In the software world at large, patents are the subject of considerable controversy. The arguments for patents are fairly obvious, if an individual or a company has invested a lot in developing an original algorithm, then it is reasonable for them to expect to be protected from others copying the algorithm and having a free ride. The counter argument goes that programming grows incrementally, and that in many cases it is almost impossible to write a program, which is entirely novel. This has not stopped many software developers from patenting just about anything, from the look and feel of a GUI, to sorting algorithms that a high-school student could well be expected to "invent" for homework. The League for Programming Freedom (http://www.lpf.org) has submitted a lengthy document to the US Bureau of Patents, which addresses these issues. They argue that the current legislation on patents is out of kilter with the modern world of software development, and cite examples of patents of such trivial ideas as "the use of different colors to distinguish the nesting level of nested expressions" (US patent no. 4,965,765) or "use of a host independent byte ordering" (4,956,809). The field of text data compression is cited as becoming an area where software development is "out of bounds. There are now so many patents in this field that it is almost impossible to create a data compression algorithm that does not infringe at least one of these patents". The costs of defending or proving patent infringement are also cited as potentially crippling for a small company. Even large software companies such as Oracle have opposed the patentability of software, arguing that that copyright and trade secrecy legislation are better suited to protecting software development.

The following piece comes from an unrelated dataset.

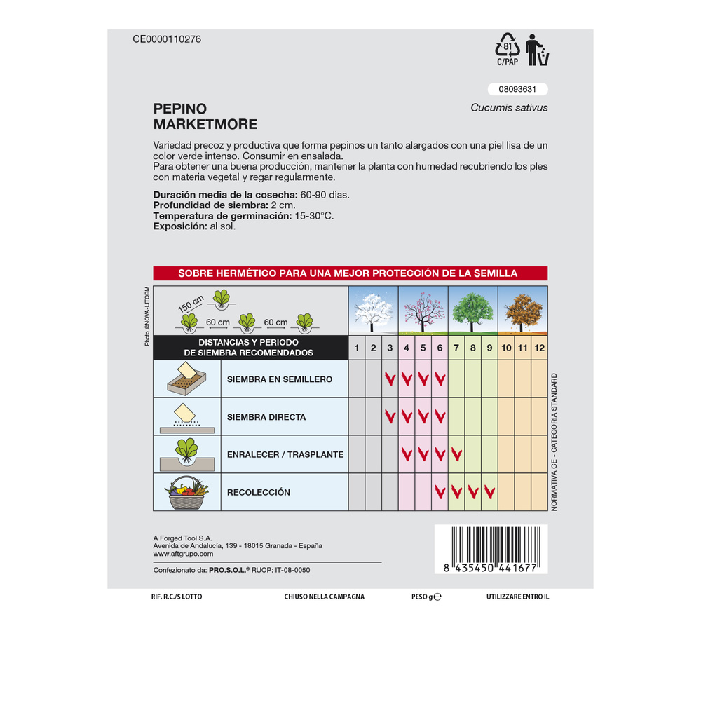 Semillas Pepino Marketmore (5 Gramos) Semillas Verduras, Horticultura, Horticola, Semillas Huerto.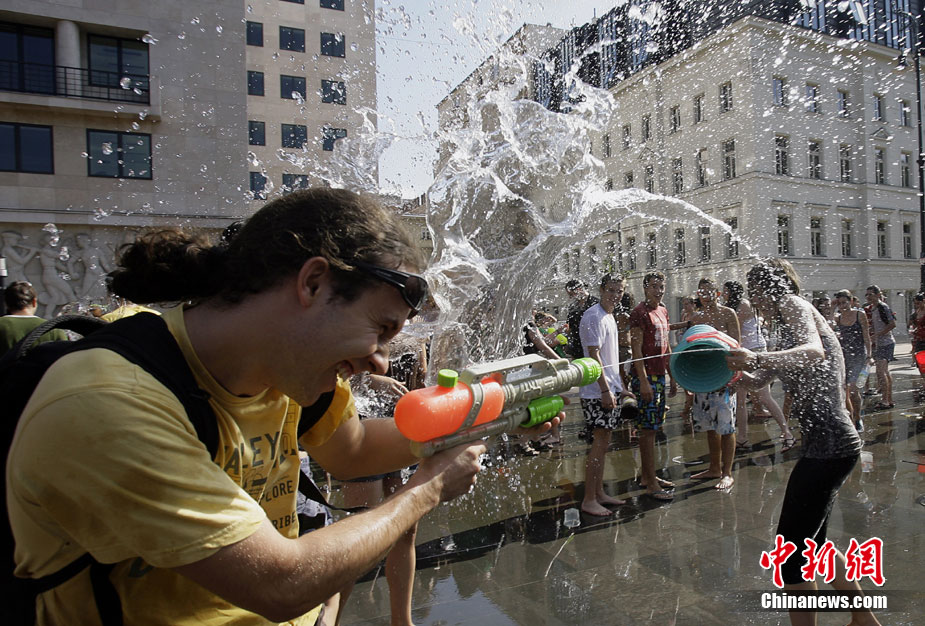 近日,在匈牙利首都布達佩斯的廣場上舉行了第三屆“水槍大戰(zhàn)”,民眾紛紛拿起“武器”,在炎炎夏日里展開了一場別開生面的比拼。

In the Geophysical context, Rutt Bridges of Landmark has questioned the overall economics of patenting calling for a "truce on patents. Companies should re-examine the role of patents and litigation within their organizations. Key questions are: How much money does your company spend acquiring patents? How much time and research effort? How much money have patents made for your company? In these times of tight budgets, isn't it wise to rethink the patent policies of the 1970s and 1980s? The proposal is to create consortia of companies with unlimited cross licensing of seismic processing patents. This would speed up software development dramatically, reduce cost, and benefit all members of the group." (The Leading Edge, January 1994). So what should the industry do? Protect any invention however trivial at any cost. Or open up a free for all where even an algorithm, which has cost years of original R&D can be implemented by anyone. Clearly neither path is satisfactory, but neither is the status quo satisfactory, except for patent lawyers!